Facts about Burrowing Owl. The Burrowing Owl is a type of owl that belongs to the genus Athene of the Strigidae family. "Scientific name for Burrowing Owl is Athene cunicularia". Burrowing Owl can be largely found all through open landscapes of South and North America. Burrowing Owls prefer to live in rangelands, grasslands, deserts, agricultural areas, or any other open arid area with little vegetation.
Features of Burrowing Owl
The Burrowing Owl is a tiny ground-dwelling bird, such that the female owls are bigger and heavier than the males. Burrowing Owls have a body length that ranges from 7 7/16 inches to 11 1/4 inches (19 cm to 28cm), with a wing length between 5 11/16 inches and 8 inches (14.2 cm and 20.0 cm). The length of the tail of these owls ranges from 2 7/16 inches to 4 7/16 inches (6.4 cm to 11.4 cm), with the body mass between 0.3 lbs and 0.5 lbs (147 grams and 240 grams).

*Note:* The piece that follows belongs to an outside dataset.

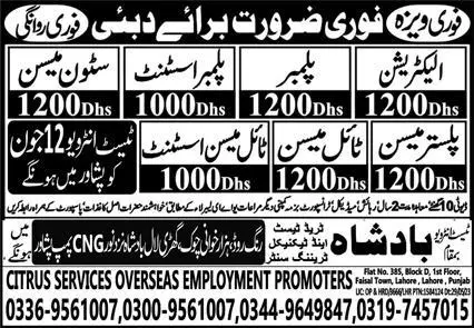 Electrician And Plaster Mason Jobs In Dubai 2023 announce the Contract career opportunities for the post of See Below Ad in Dubai for the fresh and experienced candidates on Contract basis who have Check Advertisement degree. Posted date of this post is 07/06/2023 and the last date is 12/06/2023. if you are eligible for this job apply before due date.

The Burrowing Owl has a small body size with elongated legs, a round head, without ear tufts. The facial disc of the Burrowing Owl is light brown in color, with prominent white color eyebrows over the bright yellow colored eyes. The bill of the bird is grey-olive in color and its cere is gray-brown in color. The bird has a distinctive white color throat band.
The upper parts of the Burrowing Owl are brown in color and its crown and forehead will have white color dots and streaks. Other parts of the body of the bird are erratically dotted with white to light ochre big, rounded marks. The flight feathers of the bird are barred, pale and dark, and its brown colored tail has 3 to 4 light bars.
The underparts of the Burrowing Owl are white to light buff in color, with thick dusky brown color bars. Its tarsi are conspicuously elongated and thinly feathered. The olive-grey colored toes of the owl are bristled, and it has dark horn colored claws, with black color tips. Generally, female owls are darker than the male ones.
Diet of Burrowing Owl
The Burrowing Owls usually feeds on an extensive variety of prey. The Burrowing Owl will change its food habits, according to the season and the place it lives. The Burrowing Owl feeds on big arthropods, mostly grasshoppers and beetles. The Burrowing Owl will also feed on small creatures, particularly rats, mice, ground squirrels, gophers, amphibians and reptiles, scorpions, bats, young cottontail rabbits, and birds, like horned larks and sparrows.
Behavior of Burrowing Owl
The Burrowing Owl usually roosts and nests in burrows, such as those dug by prairie dogs. Burrowing Owls are different from other owls such that they habitually active during the daytime, even though they are inclined to keep away from the midday heat. However, similar to several other types of owls, Burrowing Owls perform the majority of their hunting from dusk pending dawn, when they can exploit their night visualization and hearing their benefit. Burrowing Owls use their elongated legs to run as well as fly at the time of hunting.
Breeding of Burrowing Owl
The breeding season of the Burrowing Owl starts during late March or April. Usually, Burrowing Owls are monogamous, but rarely, a male owl will have two mates. Courtship exhibits include blinking white spots, bowing, cooing, nipping and scratching. The male owl makes display flights, rising rapidly, hanging from 5 to 10 seconds, and then declining. This cycle is repeated several times. Circling flights will also take place during courtship.
The average lifespan of the Burrowing Owl ranges from 6 years to 8 years.